Die schönste Erinnerung: Der Edeka-Laden in Kreuzberg
Die Euphorie des 9. November war vorbei. Politisch, weil das Neue Forum und der Runde Tisch verschwunden waren, aus der Berichterstattung wie aus der Realität. Gesellschaftlich wegen der Fußgängerzone, weil die Schnäppchenjäger und die „blühenden Landschaften“ schnell alles überdeckten. Dann kam die Treuhand. Die friedliche Revolution mündete in eine Niederlage, im Konkurs.
Das utopische Moment gab es trotzdem. Meine schönste Erinnerung ist der Edeka-Laden in Kreuzberg, Reichenberger Ecke Forster Straße. Den hatten Freunde aus der DDR aufgemacht, gleich 1990. Sie waren eigentlich Fußballer, einer spielte beim FC Dynamo, sie hatten eine tiefe Sehnsucht nach vermischtem Leben, vermischten Systemen.

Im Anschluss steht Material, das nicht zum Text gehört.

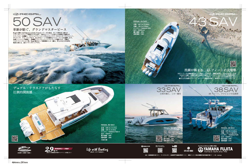 Regal Boatsのマルチユースボート「SAV(Sports Activity Vessel)」シリーズの最新ビジュアルが完成しました。50フィートのフラッグシップモデル「50 SAV」を中心に、「43 SAV」「38 SAV」「33 SAV」の4モデルが、クルージングからフィッシング、マリンアクティビティまで一艇で楽しめるボートとして登場します。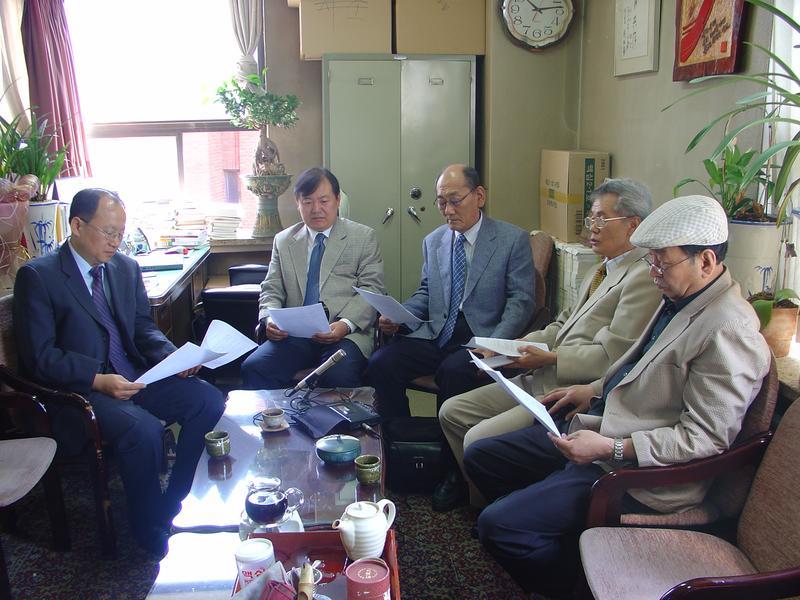 '월간문학' 2005년 6월호의 권두좌담 '21세기 희곡문학의 존재 양식을 찾아서'-- 왼쪽부터 김대현(한국희곡작가협회 이사장) 곽노흥(희곡작가) 김흥우(희곡작가, 동국대 교수) 김영무(희곡작가, 문협 희곡분과 회장) 노경식(극작가, 서평연극제 추진위원장) ~

Und tatsächlich versammelte ihr Laden Menschen aus allen Nationen und allen Schichten. Dort bekamen auch die Obdachlosen und Alkoholiker was zu trinken, aber nur, wenn sie den alten Leuten, die nicht mehr auf die Straße konnten, ihre telefonisch bestellten Lebensmittel nach Hause brachten. Es war ein fantastisches System, ein Organismus fernab des Staats, der den sozialistischen Genossenschaftsgedanken in die Tat umsetzte.
Von Walter Benjamin gibt es die Geschichte, dass die Revolutionäre von 1789 auf die Turmuhren geschossen haben, um die Zeit anzuhalten, nachzudenken und einen Plan machen zu können. Auch 1989 hätte jemand auf die Uhren schießen müssen.